The Marlen of Prague: Christopher Marlowe and the City of Gold by Angeli Primlani
My rating: 5 of 5 stars
“There are always islands like Prague, and they are always in peril.… You are sworn to protect such places.…”
Oh hell. I had sworn exactly that. This is what comes from joining too many secret societies, you mix up the specifics.
The story opens when sorcery in England is used to defeat the Spanish Armada in 1588, leaving Christopher Marlowe, a magically gifted playwright, shattered emotionally. Marlow narrates the story, and he is a delight: charming, witty, sophisticated, and entirely aware of how dire his situation is. The novel is more backstabbing than swashbuckling, and more treachery than sorcery — for a good reason.

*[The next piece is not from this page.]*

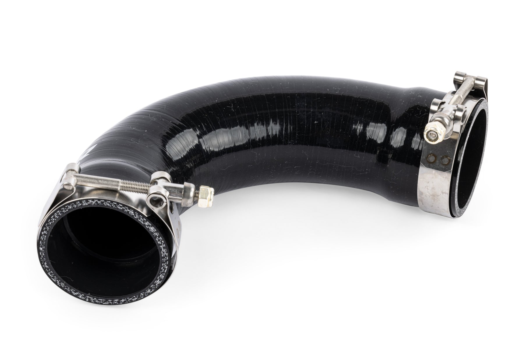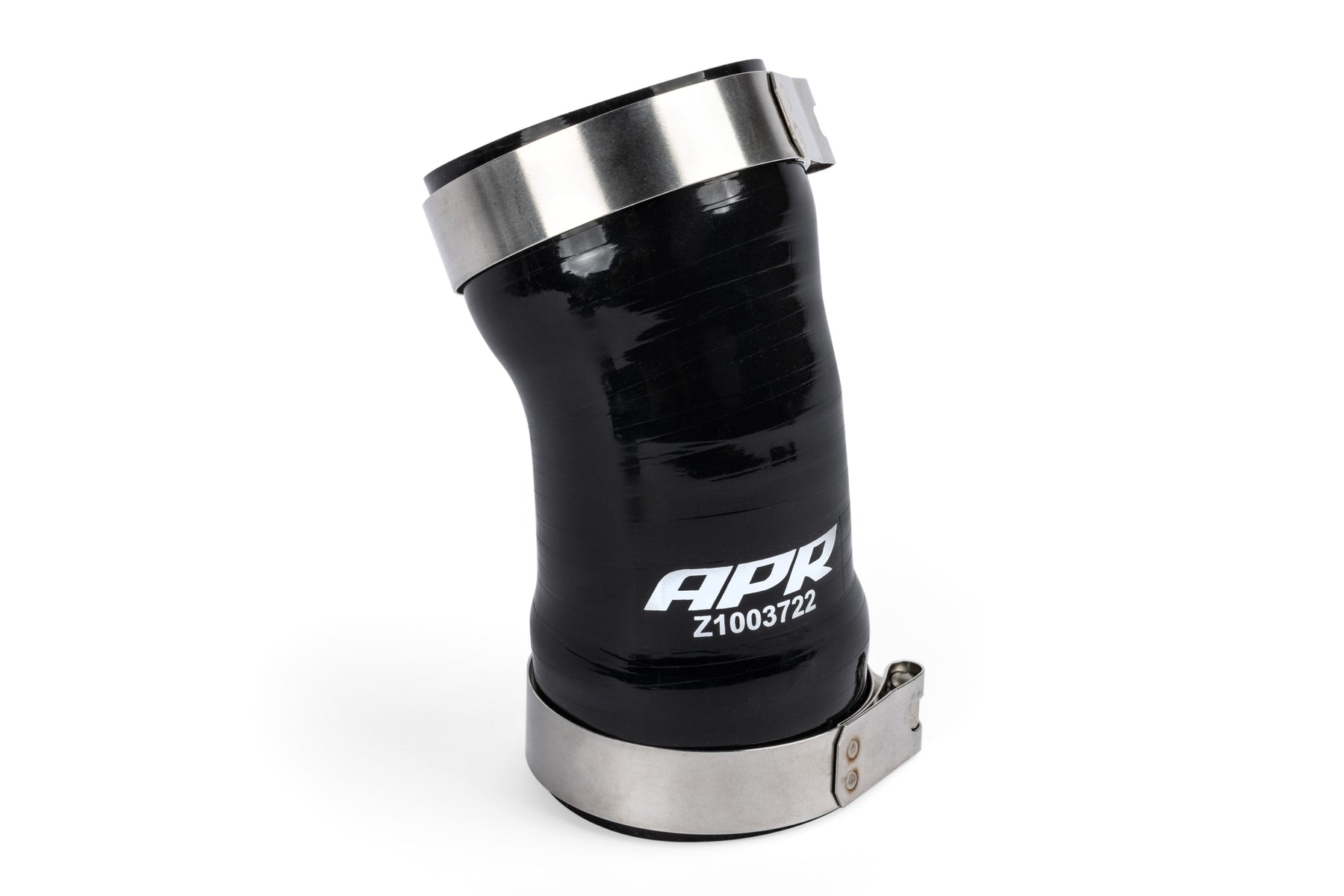 The APR Throttle Body Hose replaces the factory rubber hose and worm-gear clamps with a high quality multi-ply silicone hose and strong Clampco T-bolt clamps. The interior of the hose is smooth and lined with a fluorosilicone material designed to resist oil degradation and extend component life. EZ-Flow stepped lips within the hose allows for a smooth connection from hose to pipe for uninterrupted airflow. We pay close attention to the airflow path and provide as few bends and tight radius turns as possible. Furthermore the hose material adheres to its mating surface under high temperature to help create a stronger leak and slip free connection. This all results in a more reliable setup and increased performance through a smooth and strong uninterrupted airflow path. This hose is compatible with both OEM and upgraded APR charge pipes.

As history tells us, Europe is slowly sliding toward the unspeakable horror that will be the Thirty Year’s War. The characters in the novel know something is coming that will lay waste to much of Europe. Can it be stopped? Marlowe gets himself into an increasingly complex web of secrets, deadly politics, and magic — magic too powerful and awful to attempt again.
Author Angeli Primlani spent time in Prague and in the theater, which lends an almost tactile depth to the writing. She also knows her history and creates a fast-moving novel about desperate people trying to save the world from those who have the means to ruin it even without magic.